Once done, I donned my charismatic clothes and headed towards the classroom. By nine all the 15 third years who have taken the subject was in. I was about to touch the doorknob when I felt unsavory magic in them. It seems like something that changes the color of my dress to green. I just waved my wand on top of it and broke the curse. Then the previous entry was repeated. Billowing clothes, and thumping boots.

The class looked at me with curious eyes. All except the twins Fred and George were wearing green uniforms. The twins were wondering why my attire did not change.

I placed my books on the pedestal and looked at them. "It seems like the ones in proper clothing are the ones who played this prank, I assume"

"10 points each from Gryffindor for placing a prank curse on the classroom door" with that said I waved my wand finiteing all the other curses on the poor kids.

"Sir you can't prove that it's us" Fred said.

"And why is that Mr. Weasly?" I asked.

"Because when we placed it no one saw" George replied.

Fred just smacked the head of his brother who gave them up even before the conversation began.

"Settle down Mr.
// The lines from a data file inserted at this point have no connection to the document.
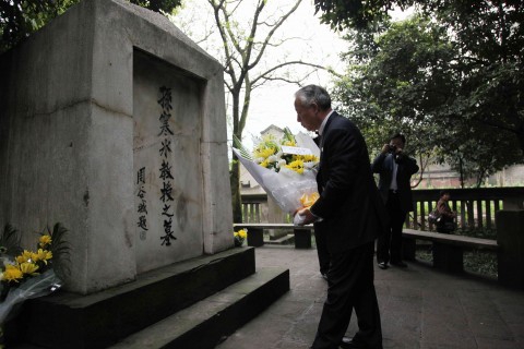 新闻中心讯 今年清明节,位于重庆夏坝的复旦大学旧址迎来了百余位复旦师生和抗战时期曾经在北碚夏坝就读的复旦老校友。他们汇集在嘉陵江边,共同悼念和缅怀所有抗战期间在此牺牲的复旦爱国师生,并向被日军轰炸牺牲的孙寒冰教授墓园献花。时值复旦大学建校105周年,修葺一新的抗战时期复旦大学北碚旧址纪念馆也于4月3日正式开馆。据悉,新开放的纪念馆内内再现了复旦大学北碚时期的历史和重要人物,尤其是重点展示了对重庆出贡献的复旦校友和牺牲在重庆的校友事迹。重庆市副市长谢小军,复旦大学党委书记秦绍德,复旦大学前校长王生洪,副校长许征等复旦和重庆市领导出席了开馆仪式。
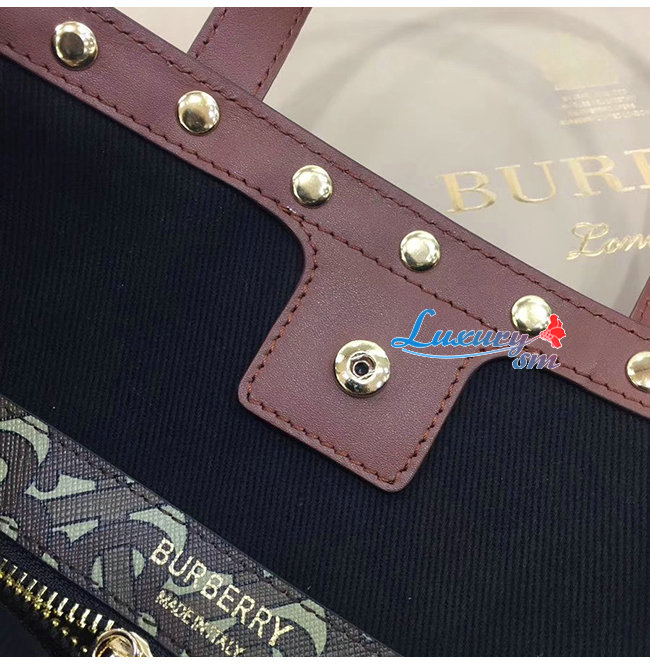 [스페셜오더]BURBERRY-80250681 버버리 블랙 스몰 모노그램 프린트 E-캔버스 포트레이트 토트백 가격 : 300,000원
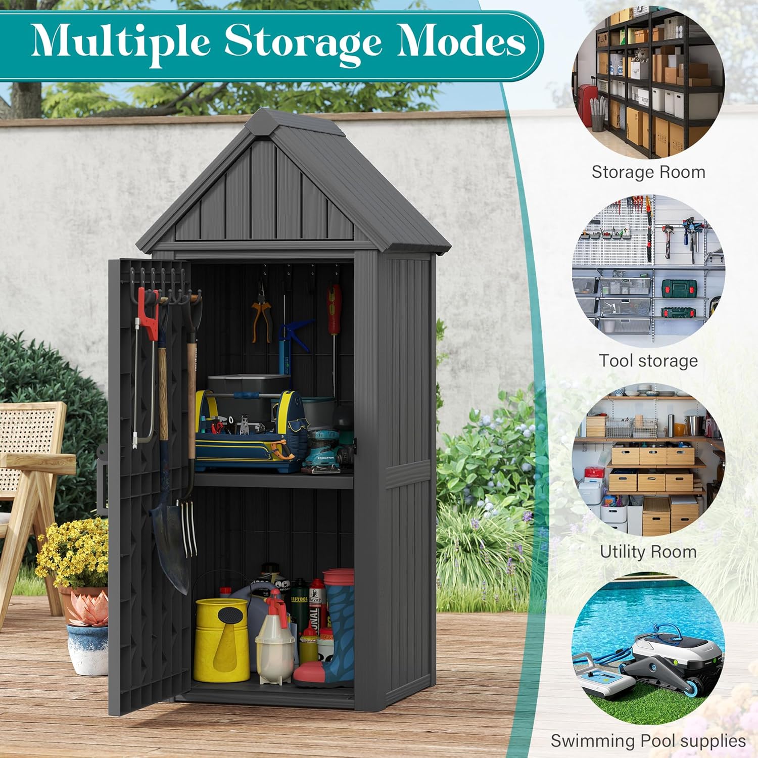 - Perfect Outdoor Storage: An ideal gift for any occasion, this multifunctional storage shed helps organize outdoor spaces—the perfect waterproof outdoor storage cabinet for gardeners, grill enthusiasts, and organization lovers!
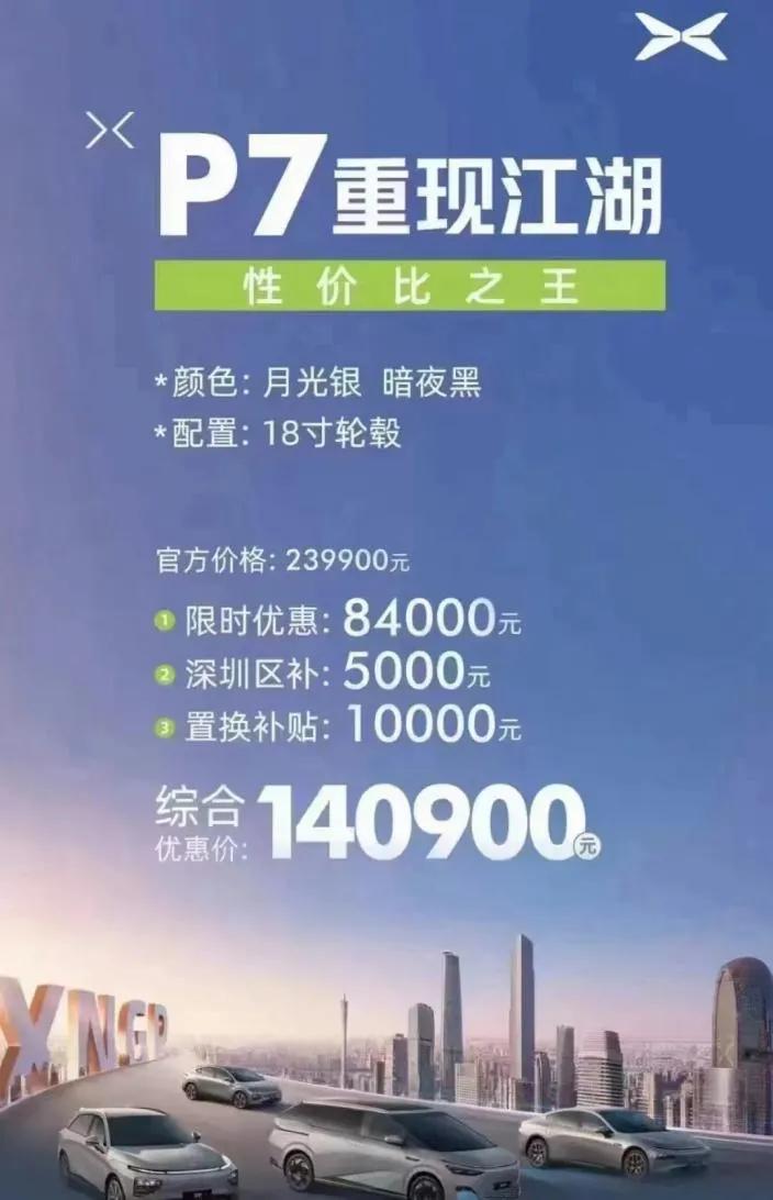 4月15日,一张“小鹏P7重现江湖”的海报在多方媒体平台流传,海报内容显示,小鹏P7的一款配置原价23.99万元版本,现综合优惠价为14.09万元。
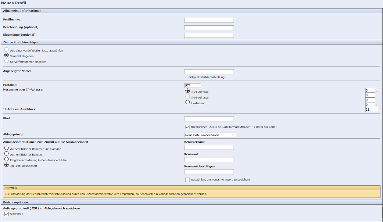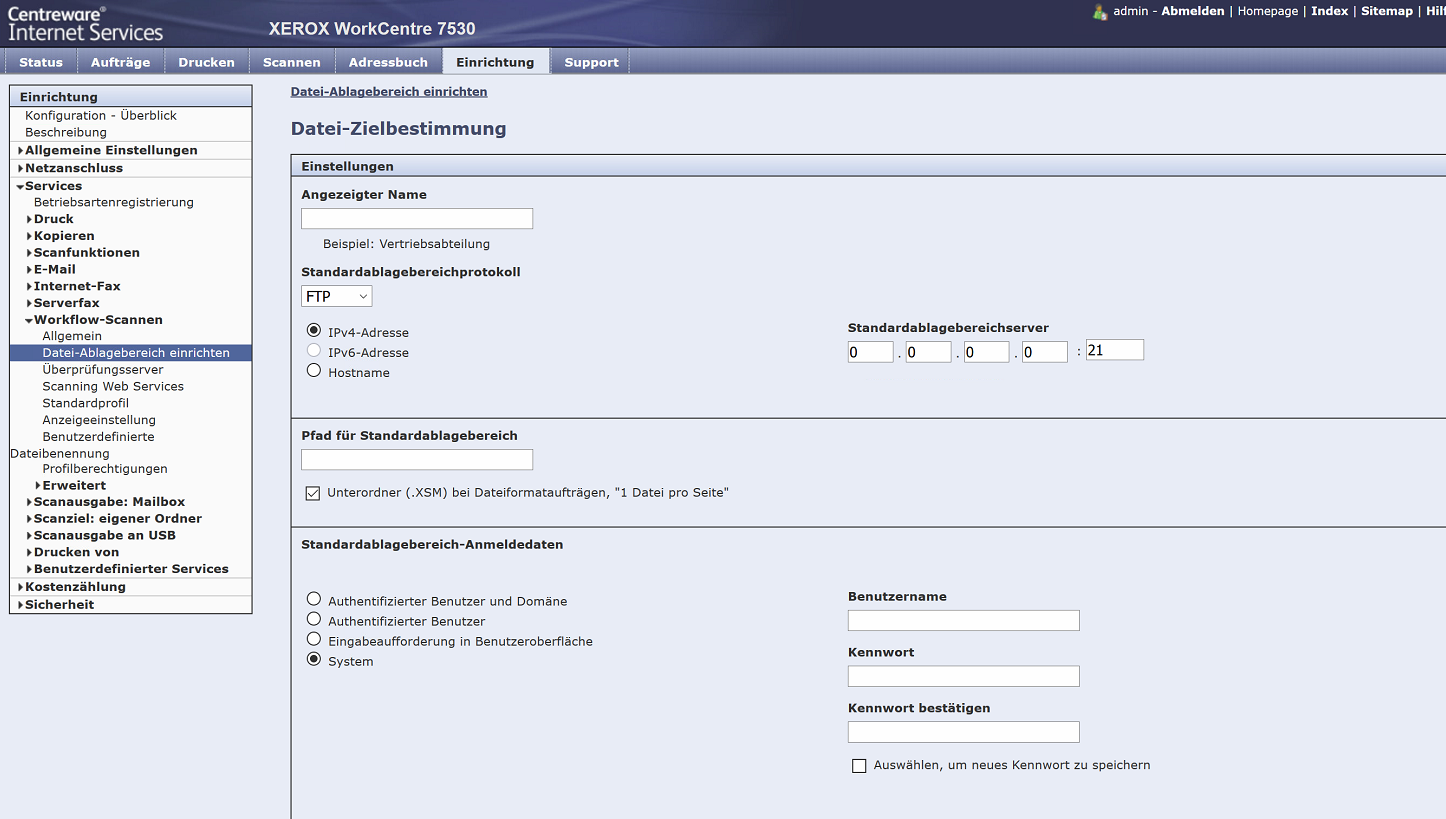 Ich habe 2 Einstellungen gefunden bei XEROX und Protokoll sind zur Verfügung: FTP,SFTP,SMB,HTTP, HTTPS

Weaslys." I waved my hand as the door closed with a thud. "Magic always leaves an imprint whether you want it or not. For a powerful wizard, it is just elementary on who placed the curse. But we are not here today to learn curse-breaking are we. Now I don't know what level of knowledge you guys have on muggles so I am going to give a test. Nothing too strenuous. Just some common knowledge amongst muggles. Common sense can solve almost all answers in this paper. Most of you may have joined this elective with the opinion of an easy subject. But I assure you it is not." I waved my wand as the papers floated slowly and separating one by one from the pile and landing in front of the students. Some looked at me critically while others focused on their paper.